◆ Data records:
== Segment start ==
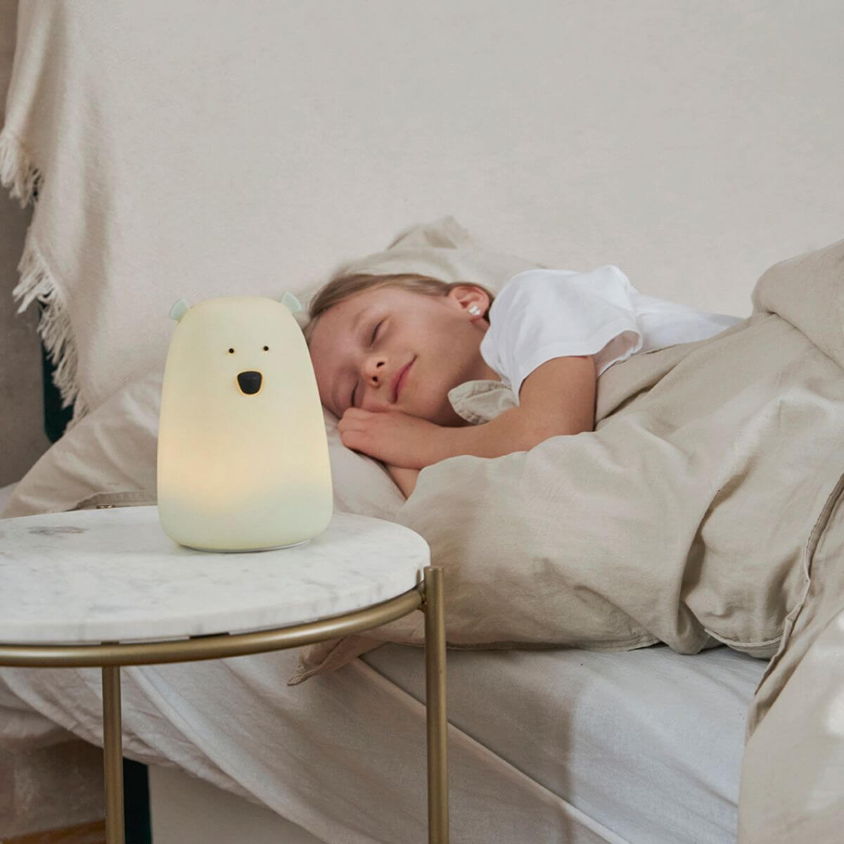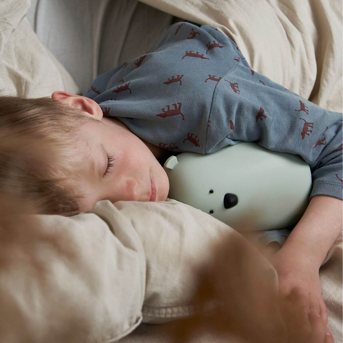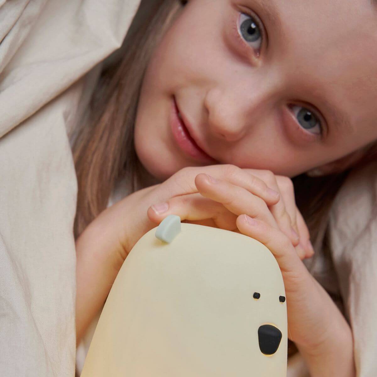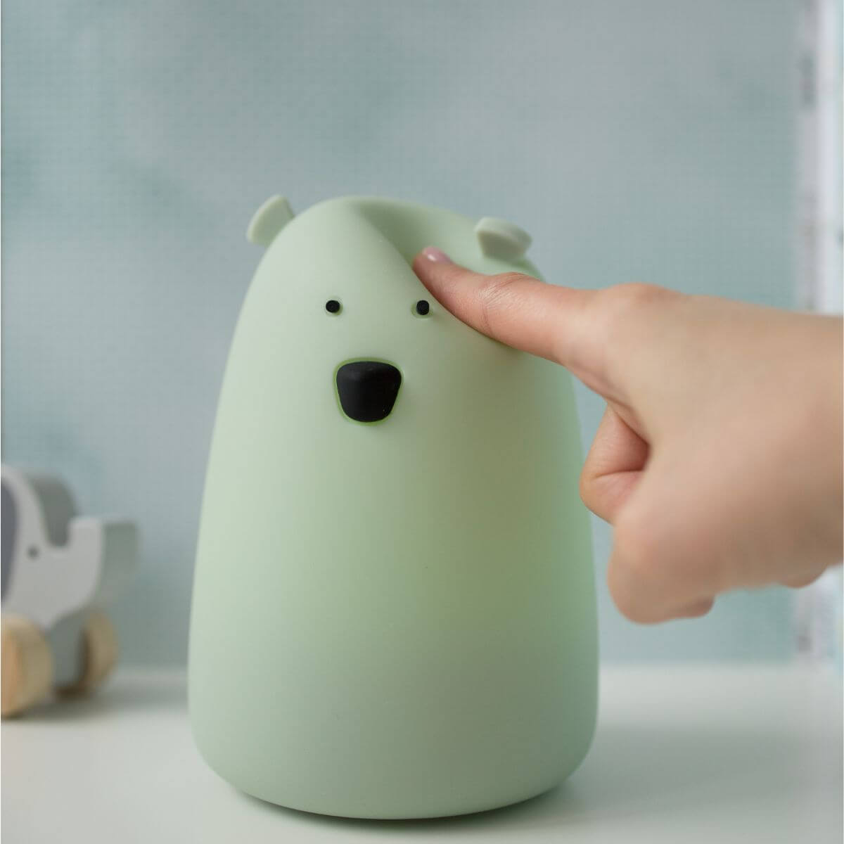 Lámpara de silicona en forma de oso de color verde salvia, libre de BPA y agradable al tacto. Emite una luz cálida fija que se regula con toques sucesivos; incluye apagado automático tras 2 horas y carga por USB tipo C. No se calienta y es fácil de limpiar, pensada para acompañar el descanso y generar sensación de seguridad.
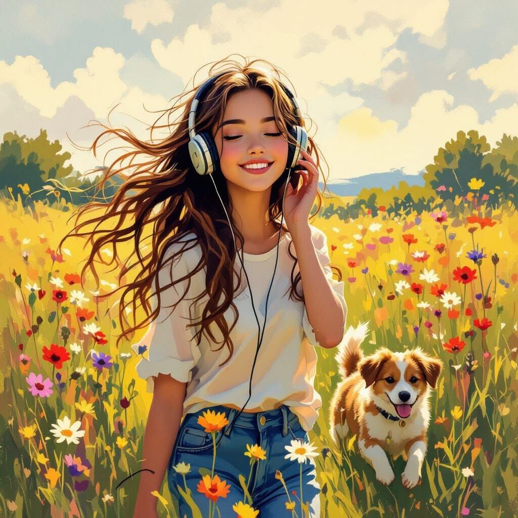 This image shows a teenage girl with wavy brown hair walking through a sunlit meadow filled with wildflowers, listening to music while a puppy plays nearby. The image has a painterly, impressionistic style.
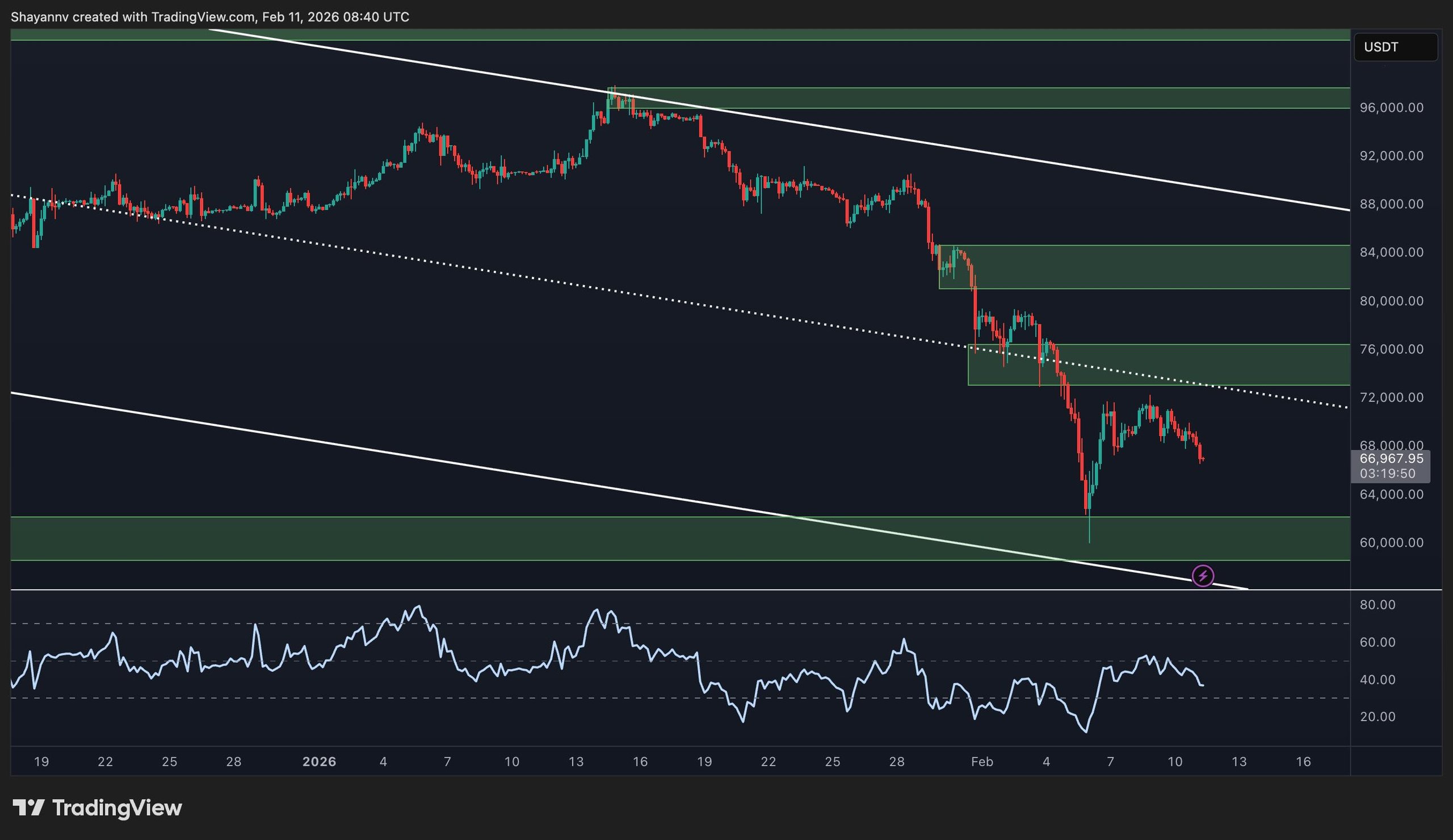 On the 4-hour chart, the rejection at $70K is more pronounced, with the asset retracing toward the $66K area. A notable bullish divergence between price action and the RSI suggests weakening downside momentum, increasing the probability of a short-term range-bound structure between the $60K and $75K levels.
== Segment end ==
== Segment start ==
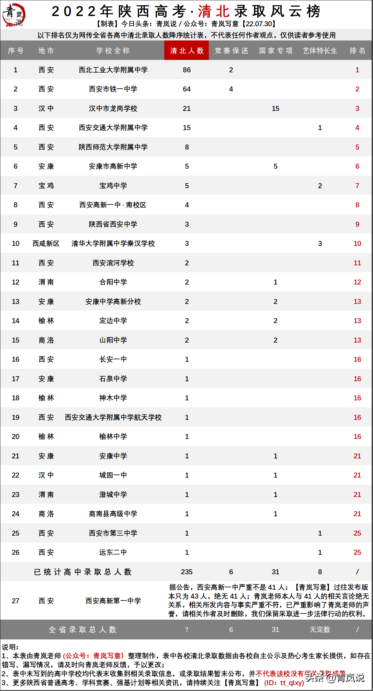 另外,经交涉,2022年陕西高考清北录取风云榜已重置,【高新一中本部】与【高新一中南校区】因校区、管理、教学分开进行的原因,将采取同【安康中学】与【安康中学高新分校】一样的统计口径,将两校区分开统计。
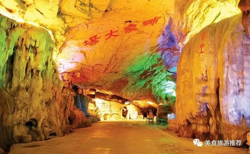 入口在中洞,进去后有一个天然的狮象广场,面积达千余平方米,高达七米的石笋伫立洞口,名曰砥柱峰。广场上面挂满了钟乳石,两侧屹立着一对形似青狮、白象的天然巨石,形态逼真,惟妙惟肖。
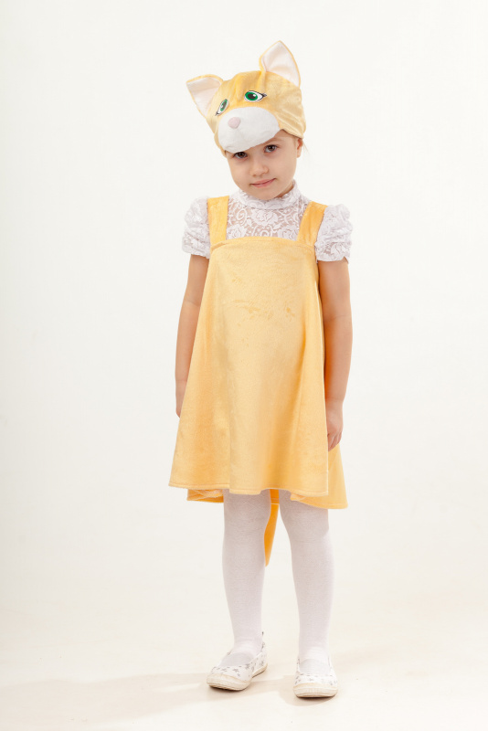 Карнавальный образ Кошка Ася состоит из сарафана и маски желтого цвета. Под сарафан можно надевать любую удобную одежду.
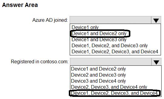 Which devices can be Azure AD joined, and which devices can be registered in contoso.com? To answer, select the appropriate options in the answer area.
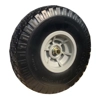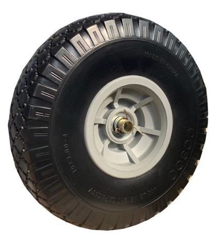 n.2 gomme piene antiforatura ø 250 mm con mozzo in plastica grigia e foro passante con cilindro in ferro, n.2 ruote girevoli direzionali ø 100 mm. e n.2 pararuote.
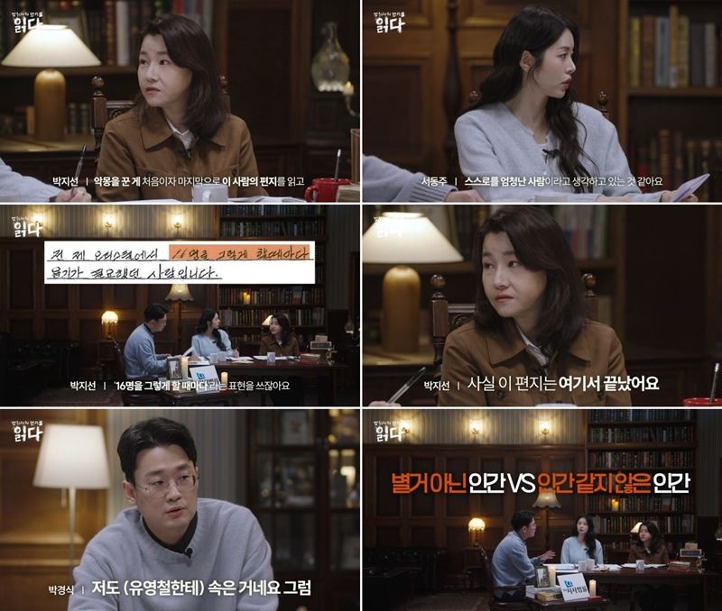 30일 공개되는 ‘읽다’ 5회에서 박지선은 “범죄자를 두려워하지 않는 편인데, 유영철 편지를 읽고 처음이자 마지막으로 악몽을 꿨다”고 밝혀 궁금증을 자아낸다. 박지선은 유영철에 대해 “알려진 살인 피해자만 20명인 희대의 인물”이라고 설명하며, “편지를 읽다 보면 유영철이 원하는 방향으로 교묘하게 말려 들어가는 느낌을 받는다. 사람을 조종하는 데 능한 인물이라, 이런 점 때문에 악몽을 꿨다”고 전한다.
== Segment end ==
◆ Directions: From the records above, copy only the lines running from the line holding "n.2 gomme piene" through the line holding "30일 공개되는 ‘읽다’", with no pictures.

◆ Task result:
 n.2 gomme piene antiforatura ø 250 mm con mozzo in plastica grigia e foro passante con cilindro in ferro, n.2 ruote girevoli direzionali ø 100 mm. e n.2 pararuote.
 30일 공개되는 ‘읽다’ 5회에서 박지선은 “범죄자를 두려워하지 않는 편인데, 유영철 편지를 읽고 처음이자 마지막으로 악몽을 꿨다”고 밝혀 궁금증을 자아낸다. 박지선은 유영철에 대해 “알려진 살인 피해자만 20명인 희대의 인물”이라고 설명하며, “편지를 읽다 보면 유영철이 원하는 방향으로 교묘하게 말려 들어가는 느낌을 받는다. 사람을 조종하는 데 능한 인물이라, 이런 점 때문에 악몽을 꿨다”고 전한다.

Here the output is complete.